TASK REQUIREMENTS –
Your output must be the lines below from the line containing "Луганська обласна служба" to the line containing "目前,万城·璟园展示中心已正", both lines included, reproduced exactly and without pictures.

INFORMATION SUPPLIED –
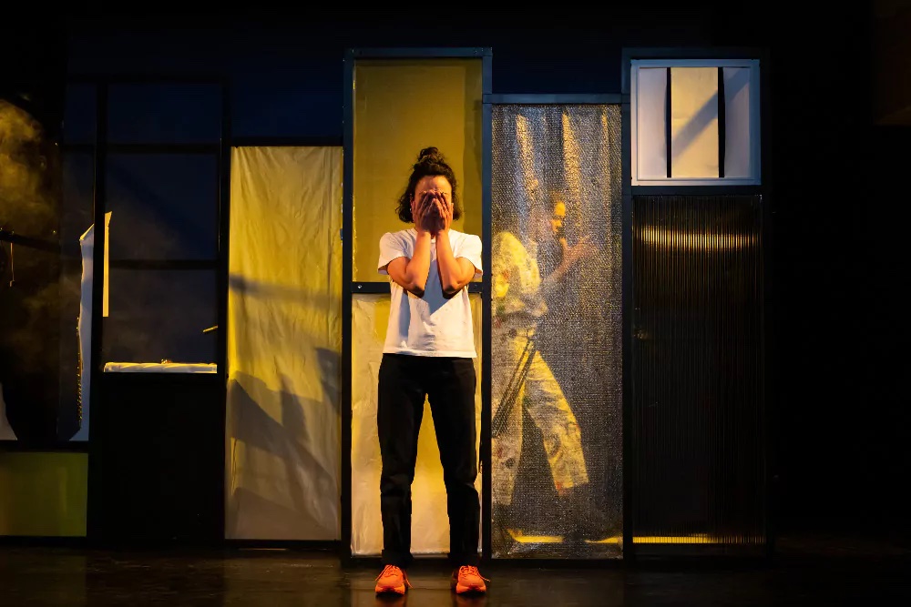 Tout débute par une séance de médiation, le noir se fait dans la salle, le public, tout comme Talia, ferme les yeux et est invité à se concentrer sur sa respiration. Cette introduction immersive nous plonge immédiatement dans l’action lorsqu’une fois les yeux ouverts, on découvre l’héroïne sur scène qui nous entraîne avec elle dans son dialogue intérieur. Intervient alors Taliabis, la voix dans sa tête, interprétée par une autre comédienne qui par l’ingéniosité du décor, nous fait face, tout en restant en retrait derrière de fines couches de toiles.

==

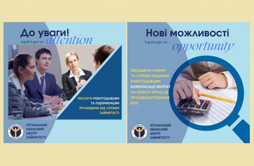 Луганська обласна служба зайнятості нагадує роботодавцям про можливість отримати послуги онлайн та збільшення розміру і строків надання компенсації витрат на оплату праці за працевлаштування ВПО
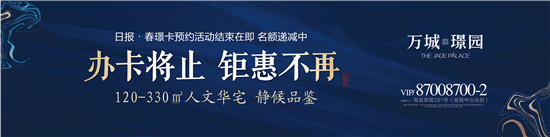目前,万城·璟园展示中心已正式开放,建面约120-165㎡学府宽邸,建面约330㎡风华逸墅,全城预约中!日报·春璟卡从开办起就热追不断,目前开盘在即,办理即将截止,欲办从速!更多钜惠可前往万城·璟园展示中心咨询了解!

==

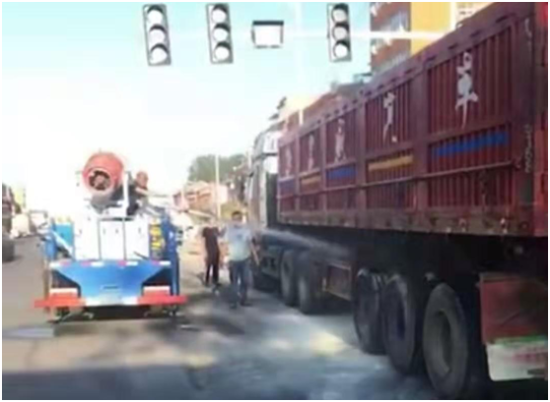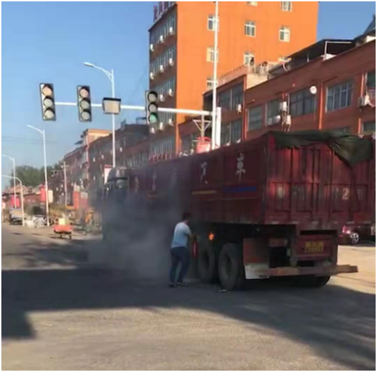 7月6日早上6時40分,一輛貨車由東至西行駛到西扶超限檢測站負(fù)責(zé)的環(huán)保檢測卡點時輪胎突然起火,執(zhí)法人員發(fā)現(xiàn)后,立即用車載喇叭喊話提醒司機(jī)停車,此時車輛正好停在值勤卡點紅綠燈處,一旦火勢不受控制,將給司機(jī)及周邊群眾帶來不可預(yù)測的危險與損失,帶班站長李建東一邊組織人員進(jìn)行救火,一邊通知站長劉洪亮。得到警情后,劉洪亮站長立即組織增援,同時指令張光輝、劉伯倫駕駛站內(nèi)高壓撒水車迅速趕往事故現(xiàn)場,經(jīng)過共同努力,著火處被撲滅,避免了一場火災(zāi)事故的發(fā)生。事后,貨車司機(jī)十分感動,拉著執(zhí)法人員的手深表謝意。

EXERCISE OUTPUT –
 Луганська обласна служба зайнятості нагадує роботодавцям про можливість отримати послуги онлайн та збільшення розміру і строків надання компенсації витрат на оплату праці за працевлаштування ВПО
目前,万城·璟园展示中心已正式开放,建面约120-165㎡学府宽邸,建面约330㎡风华逸墅,全城预约中!日报·春璟卡从开办起就热追不断,目前开盘在即,办理即将截止,欲办从速!更多钜惠可前往万城·璟园展示中心咨询了解!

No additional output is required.